For decades, DNA synthesis has been the limiting reagent in synthetic biology — reliable for short sequences, but increasingly error-prone and costly as designs scale past 10kb. That ceiling is now cracking. New enzymatic synthesis platforms, error-correction chemistries, and assembly pipelines are extending what’s possible, opening the door to rapid construction of full pathways, microbial genomes, and even mammalian chromosomes. This session will explore how innovators are breaking past the 10kb barrier, what technical and economic breakthroughs are needed next, and how longer, cheaper, and faster synthesis could fundamentally change how we design biology at scale.

AI-enabled, self-driving labs are still emerging, but their foundations are already transforming how teams design, run, and interpret experiments. This session offers a practical guide for scientists and R&D leaders who want to understand what can be done today — from tightening design–test–learn loops to reducing manual error and capturing early benefits of autonomous experimentation. Rather than presenting an unrealized future, speakers will focus on practical, real-world steps that give organizations a competitive edge as SDL capabilities evolve and mature. Speakers will explore what’s working, what’s not, and how autonomous lab systems are reshaping protein engineering, pathway optimization, and therapeutic design.

Biology is entering an era where AI agents don’t just analyze data — they co-design, plan, and execute experiments. Multi-agent systems like CRISPR-GPT demonstrate how AI can act as a true lab co-pilot: decomposing complex genome editing projects into stepwise workflows, selecting tools, troubleshooting, and even drafting protocols that allow junior researchers to perform sophisticated edits on their first attempt . Beyond CRISPR, new systems like BioMARS integrate reasoning agents with robotics, while biotech companies are testing “AI lab assistants” that monitor and adjust experiments in real time. This session explores how multi-agent copilots are making biology more reproducible, democratizing complex workflows, and pushing the boundaries of lab autonomy. The central question: when AI can plan, troubleshoot, and validate experiments end-to-end, how should scientists and institutions govern this new power?

Instrumentation remains one of the greatest bottlenecks in bioinnovation. For decades, meaningful progress required billion-dollar facilities and industrial-scale reactors. Today, that paradigm is shifting. Emerging tools — from smart shake flasks and modular bioreactors to microfluidic systems, desktop DNA printers, and next-generation sequencing devices — are flipping the economics of scale.

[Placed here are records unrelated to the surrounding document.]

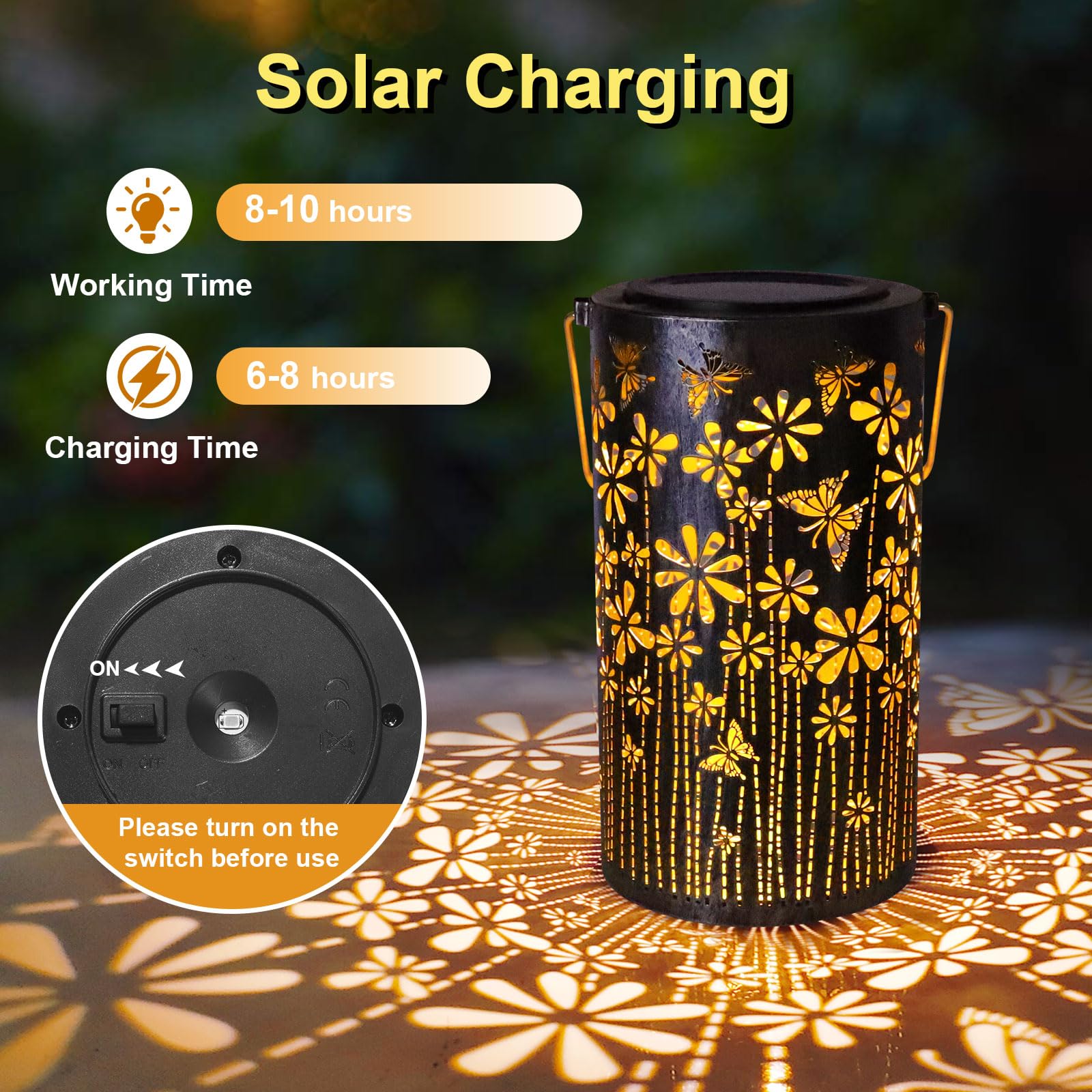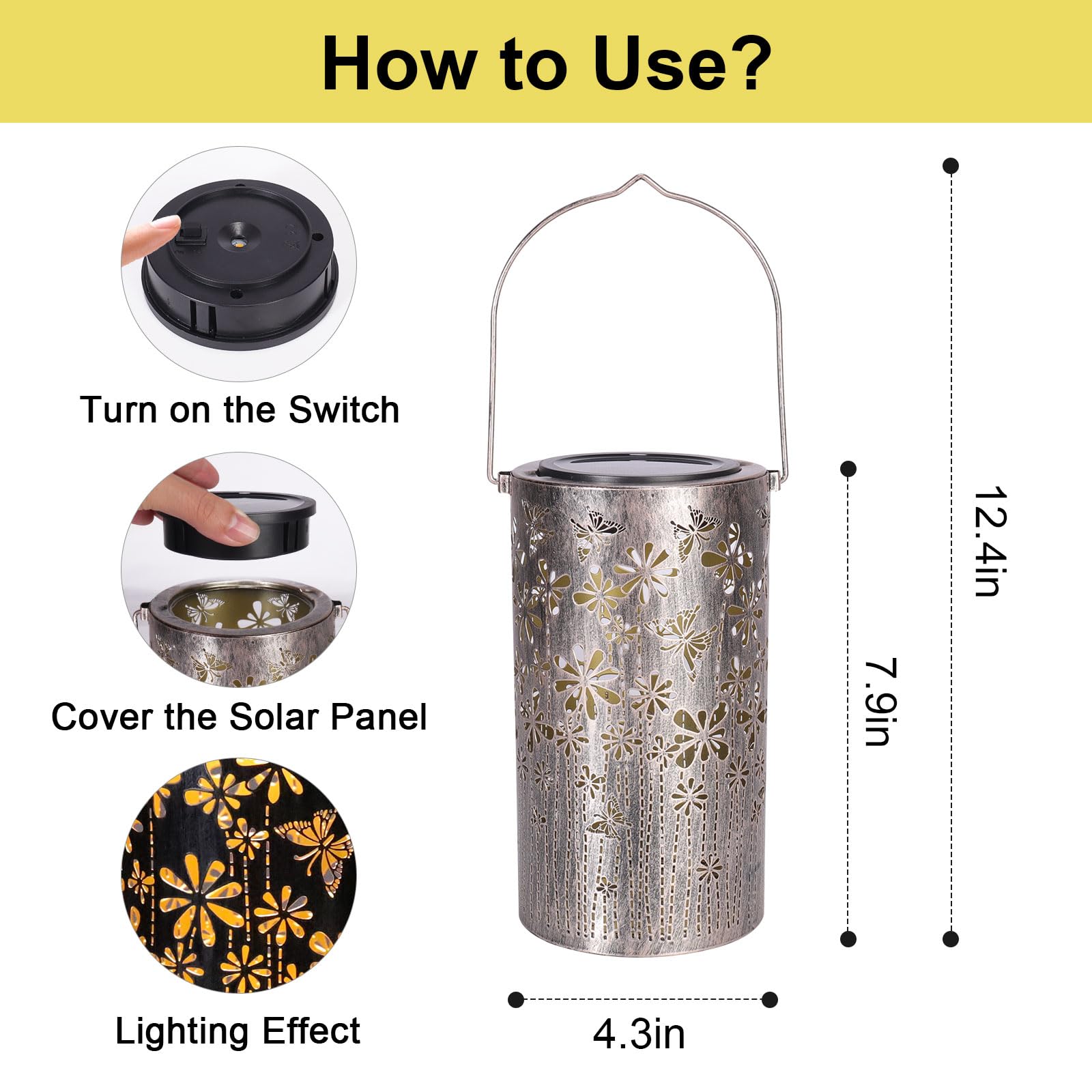 MIFXIN Lanterne solaire de jardin en métal avec crochet de berger, lumière LED étanche pour table, terrasse, balcon, cour (bronze) Lanterne solaire pour pierre tombale | Vitrine Magique Lape Solaire Exterieur Jardin Suspendue, Collasis IP65 Étanche... C'est une décoration parfaite pour le jardin, la cour, le porche, l'allée, la terrasse, le balcon et la terrasse. Laissez-les décorer votre jardin, cour, chemin et rendre votre jardin plus étincelant. Design exquis : cette lampe de jardin dispose d'un savoir-faire creux exquis et d'un style décoratif rétro. Fonction imperméable : conçues avec des matériaux imperméables, les lanternes solaires peuvent décorer votre jardin normalement même les jours de pluie. Cadeau idéal pour tout le monde : cette lampe solaire suspendue est un cadeau parfait pour toutes les occasions, y compris les vacances et les fêtes (comme la fête des mères, la fête des pères, un anniversaire, Thanksgiving, Noël). Après la charge, il peut éclairer dans l'obscurité pendant 8 à 10 heures (il suffit d'allumer l'interrupteur). Décorations extérieures parfaites : avec les accessoires de crochet de berger, vous pouvez accrocher la lampe de jardin ou l'accrocher à un arbre ou un poteau sur une allée de jardin. Décorations d'extérieur parfaites et cadeaux de jardinage : vous pouvez l'accrocher à un arbre ou le placer sur la table ou sur le sol. Cette lanterne solaire à... MIFXIN Lanterne Solaire En Forme De Papillon, Cadeau D'anniversaire Pour Femme, Lanternes Solaires En Métal, Décoration De Jardin, Cadeau Pour Maman, Grand-mère, Lampe LED étanche à Suspendre Pour Que ce soit un cadeau pour maman, grand-mère, femme, papa, grand-père, homme, ou même une surprise pour vous-même ou votre amoureux, c'est un choix attentionné.
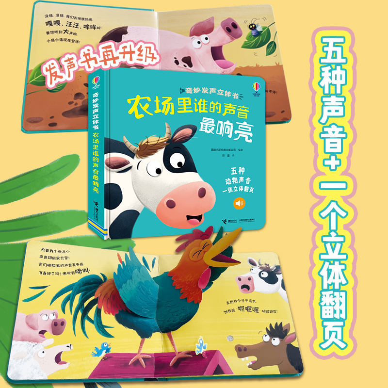 声音最响亮0 农场动物园里谁 尤斯伯恩奇妙发声立体书 3岁儿童启蒙认知玩具书早教立体翻翻绘本宝宝点读有声读物正版 新华文轩
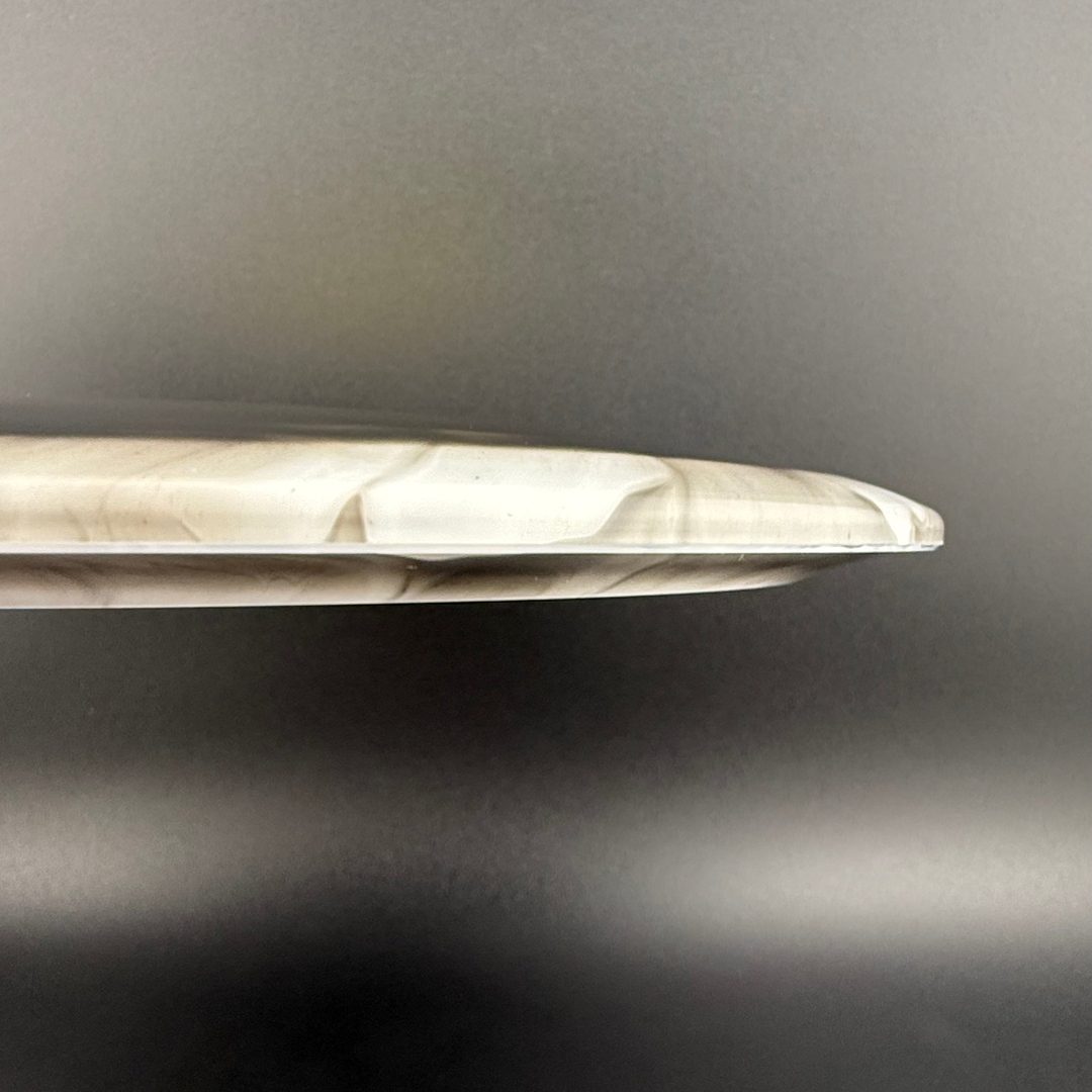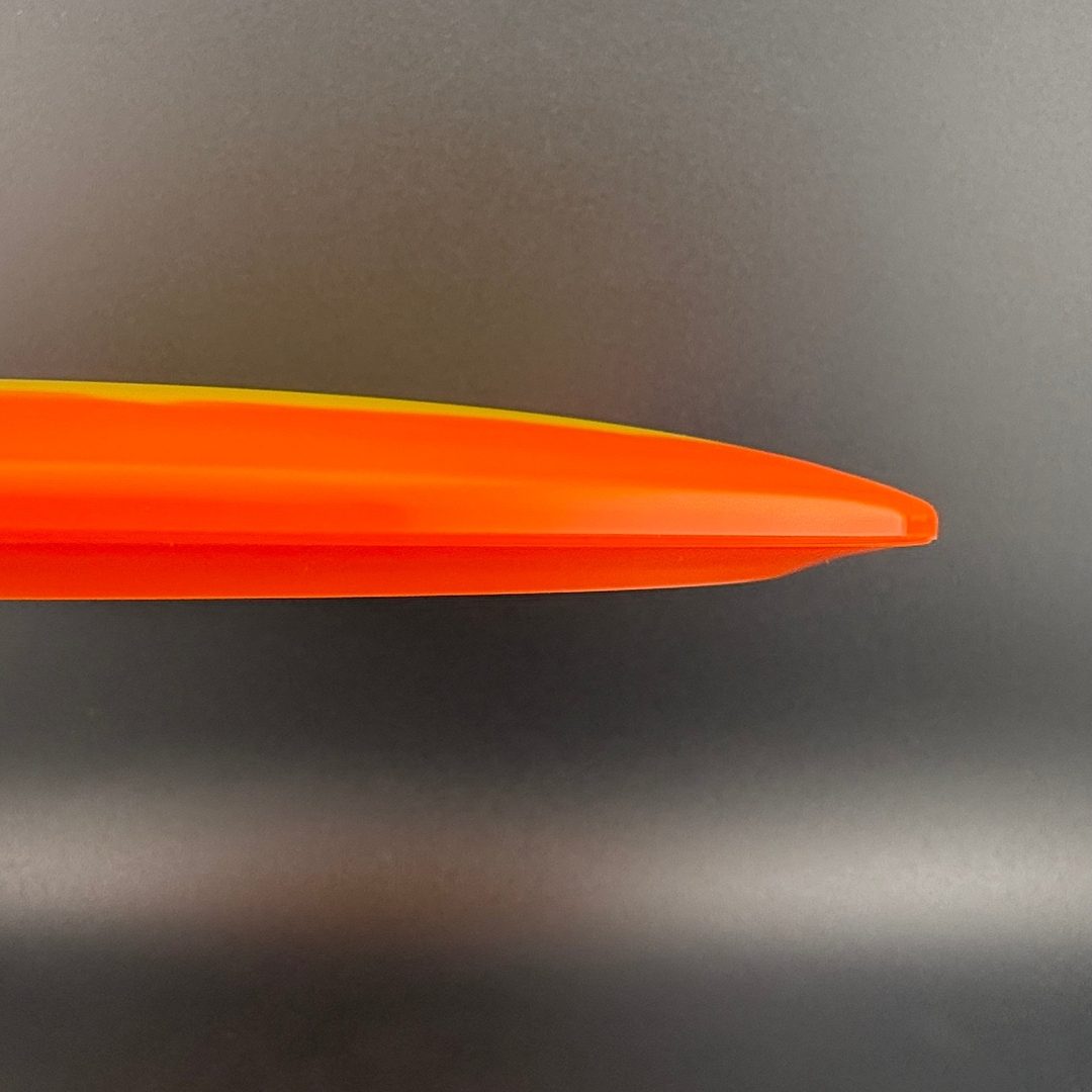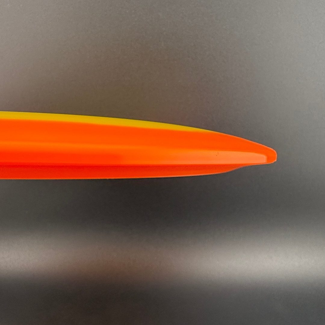 Gold Orbit plastic by Latitude 64 combines the durability and grip of Gold Line plastic with a striking two-tone "halo" effect around the rim. This aesthetic enhancement does not alter the disc's flight characteristics, ensuring consistent performance. The plastic maintains a slightly softer feel, offering enhanced grip in various conditions. Gold Orbit is favored by players who desire both top-tier performance and standout appearance in their discs.
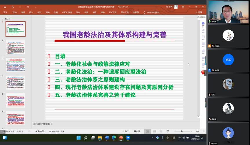 在此次讲座中,范进学老师在“我国老龄法治体系之原则构建与制度完善”的主题下,全面系统地分析了老龄法治这一新学术领域的规范困境和实践问题,为听众们提供了一场思想盛宴。本次讲座取得了圆满成功。
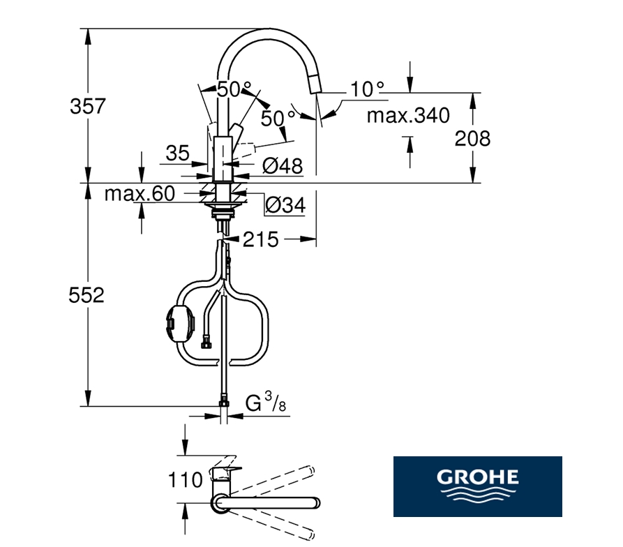 GROHE BAUEDGE MONOMANDO COCINA EXTRAIBLE
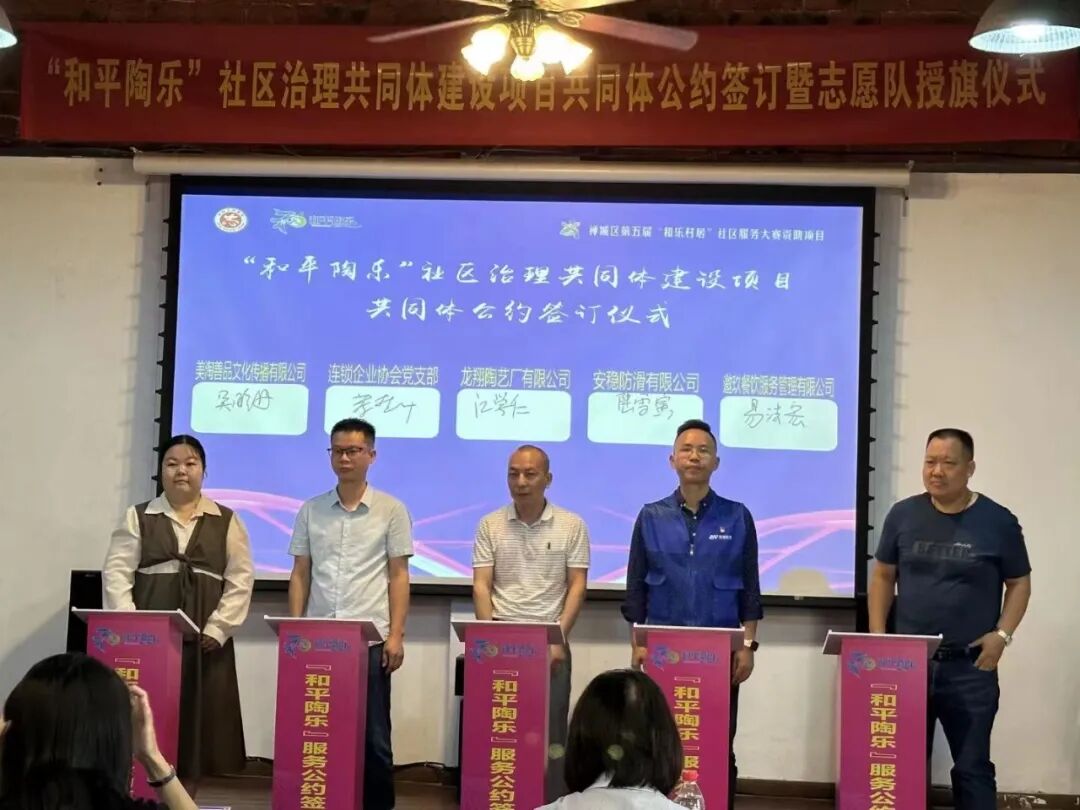5月17日,石湾镇街道和平社区举行“和平陶乐”社区治理共同体公约签订暨志愿队授旗...

"Reading, writing, and editing DNA were just the prelude. The new frontier is composition—designing entire genomes like symphonies, guided by AI models trained on millions of sequences. In this new paradigm, biology becomes a writable medium where genes, circuits, and chromosomes are arranged with intention rather than discovered by chance. From AI-optimized CRISPR systems and compact editors like TIGR to CRISPR SWAPnDROP and Bridge Recombinases capable of megabase-scale rewrites in human cells, a new toolkit is emerging that treats the genome not as a fragile molecule but as an editable architecture. These molecular instruments bypass the cell’s own repair machinery, offering a level of precision and predictability that brings genome design closer to true composition—a craft as deliberate and creative as writing code or composing music.

What happens when AI systems stop being tools and begin acting like collaborators in scientific thought? Multi-agent architectures such as SciAgents and Google’s “AI Co-Scientist” are pioneering hypothesis generation by dividing scientific reasoning into specialized sub-agents: literature retrievers, causal mappers, and graph-based reasoners. Unlike single models, these teams of agents mimic the structure of scientific collaboration itself — brainstorming, critiquing, and refining ideas. In synthetic biology, such systems could propose new gene circuits, uncover hidden regulatory logic, or suggest underexplored protein folds. This session asks: how far should we trust AI-generated hypotheses, and how do we validate them responsibly? With machine-driven insight now on the horizon, the very architecture of discovery may shift — from lone researchers and teams of humans to networks of humans and machines co-creating the future of biology.